These are the key concepts you need to understand to accurately answer the question.

F-distribution
The F-distribution is a fundamental concept in statistics, especially when comparing variances of two different data sets. It is used extensively in experiments that aim to test hypotheses about whether two population variances are equal. The distribution is named after Sir Ronald Fisher, and it is a probability distribution that arises in the testing of whether two estimated variances are equal.

When you perform an F-test, you derive an F-statistic calculated by the ratio \left( F = \frac{s_1^2}{s_2^2} \right), where \(s_1^2\) and \(s_2^2\) are the sample variances. The F-distribution is asymmetrical and stretches out more on the side of increasing variance ratios.

This distribution depends on degrees of freedom related to the two data samples being compared. Essentially, the shape of the F-distribution will vary based on these degrees of freedom, specifically \(df_1\) for the first group and \(df_2\) for the second group. In our example, Team Ramona has \(df_1 = 20\) and Team Beezus has \(df_2 = 22\). The F-distribution allows us to set a range of critical values, within which the null hypothesis is accepted.

To understand if the variances differ, you'll compare your calculated F-statistic with this range of critical values.
Critical value
Critical values are essential in hypothesis testing as they determine the threshold at which you decide whether to reject the null hypothesis. When working with the F-distribution, the critical value enables you to evaluate if your test statistic falls within the acceptance region or not.

Critical values for the F-distribution can be found using F-distribution tables or statistical software. It is important to choose the correct tail based on the nature of your test. In a two-tailed test, you will find two critical values — one at the lower end and one at the upper end. These define the acceptance region for the null hypothesis.
  • If the calculated F-statistic falls below the lower critical value or above the upper critical value, the null hypothesis is rejected.
  • If it lies within, the null hypothesis cannot be rejected.

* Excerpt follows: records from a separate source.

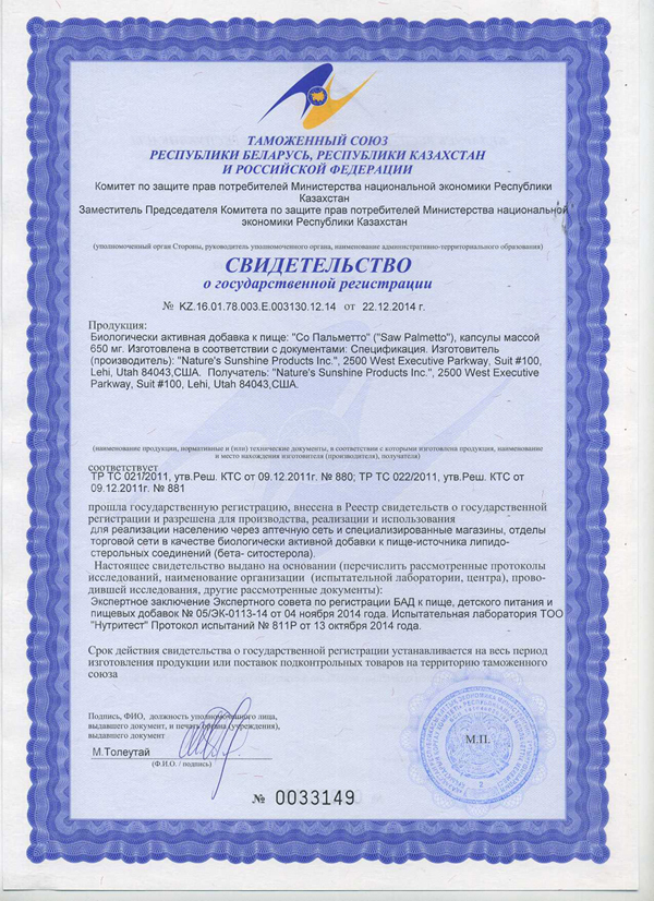 БАД к пище Со Пальметто является дополнительным источником липидо-стерольных соединений (в-ситостерола).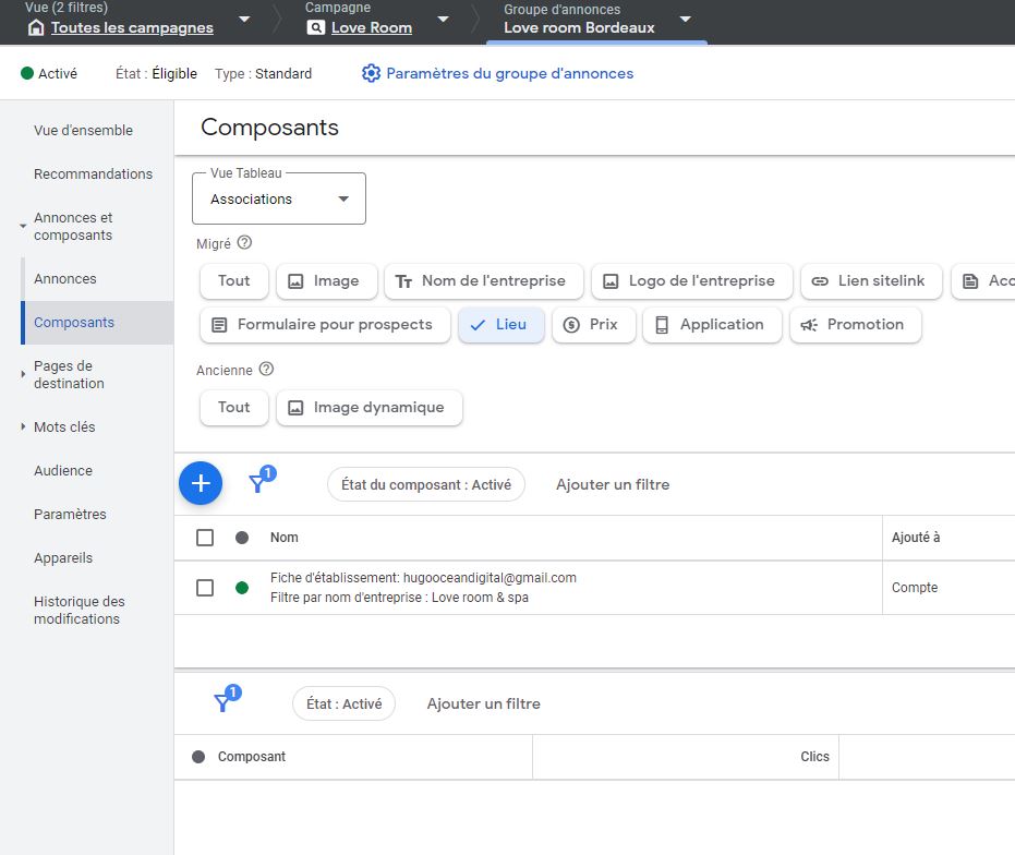 Dans le groupe d’annonces, ajouter le composant lieu en sélectionnant la bonne fiche du compte My Business de l’agence. On peut utiliser le filtre par nom d’entreprise.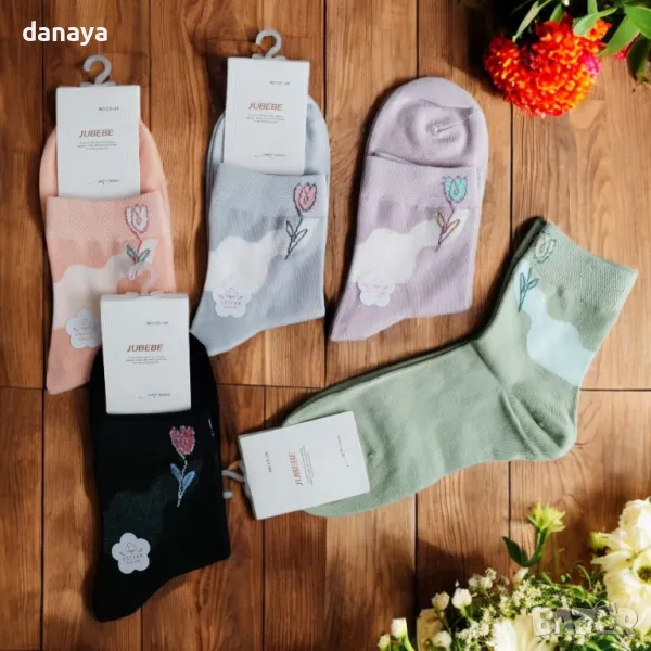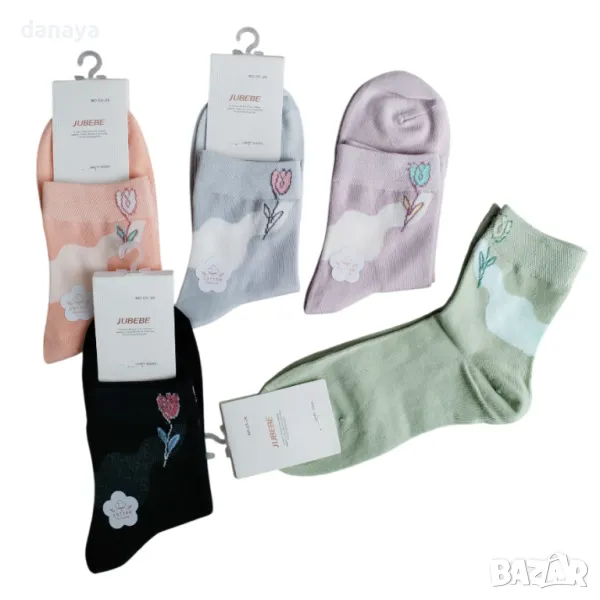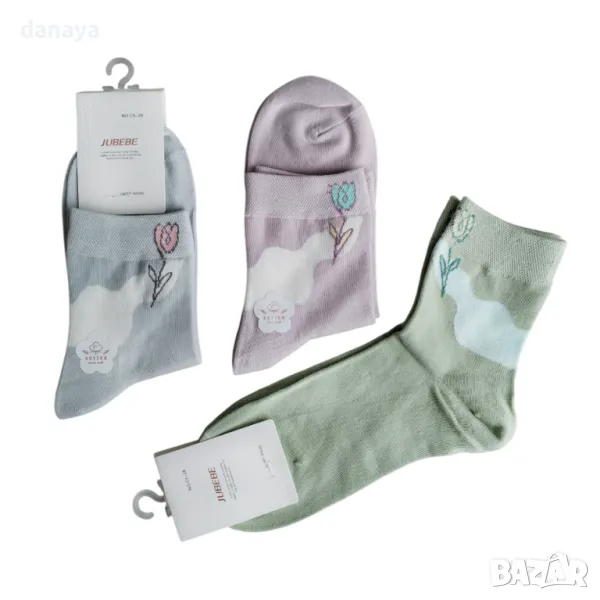 Подарете си комфорт и стил с тези изискани дамски чорапи, 36-41 номер. Изработени от 100% висококачествен памук, те осигуряват мекота, дишаемост и удобство през целия ден. Декорацията “Лале” придава елегантен и свеж акцент, който ще допълни всяка визия.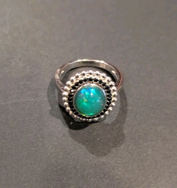 Main Stone Creation:NaturalColor:GreenSetting Style:BezelVintage:NoShape:OvalStyle:BandMain Stone Depth:0.5 mmMetal:SilverMain Stone:OpalType:RingGemstone Clarity Grade:Eye CleanMain Stone Shape:OvalEra:UndatedMain Stone Color:GreenBrand:jtvRing Size:6Seller Warranty:NoMaterials Sourced From:IndiaMaterial:Gemstone

For this exercise, using \(\alpha = 0.05\), the critical values were \(F_{0.025} = 2.54\) and \(F_{0.975} = 0.39\). Since the calculated F-statistic (7.03) is greater than 2.54, it falls outside the acceptance region, leading to the rejection of the null hypothesis.
Null Hypothesis
In hypothesis testing, the null hypothesis represents the default assumption that there is no effect or difference. It is denoted as \(H_0\). When comparing variances, \(H_0\) typically asserts that the variances are equal.

For our exercise, the null hypothesis \(H_0\) states: The variances of the number of books read by Team Ramona and Team Beezus are equal, or mathematically, \(\sigma_1^2 = \sigma_2^2\).

The purpose of testing the null hypothesis is to challenge this assumption and determine if there is significant evidence to suggest otherwise. If the computed test statistic falls into a critical region determined by the F-distribution, it provides evidence against \(H_0\).

In our example, rejecting \(H_0\) indicates significant evidence that the variances for Team Ramona and Team Beezus differ.
Alternative Hypothesis
The alternative hypothesis is the statement you aim to provide evidence for in a hypothesis test. It represents a new effect or a difference, contrasted with the null hypothesis. It is typically denoted as \(H_a\), and in many cases, aligns with the research question or claim.

In this context, the alternative hypothesis \(H_a\) posits that the variances between the two teams are not equal; mathematically, \(\sigma_1^2 eq \sigma_2^2\).
  • The alternative hypothesis is your claim which you suspect to be true based on your observations.
  • Evidence in favor of \(H_a\) leads to the rejection of \(H_0\).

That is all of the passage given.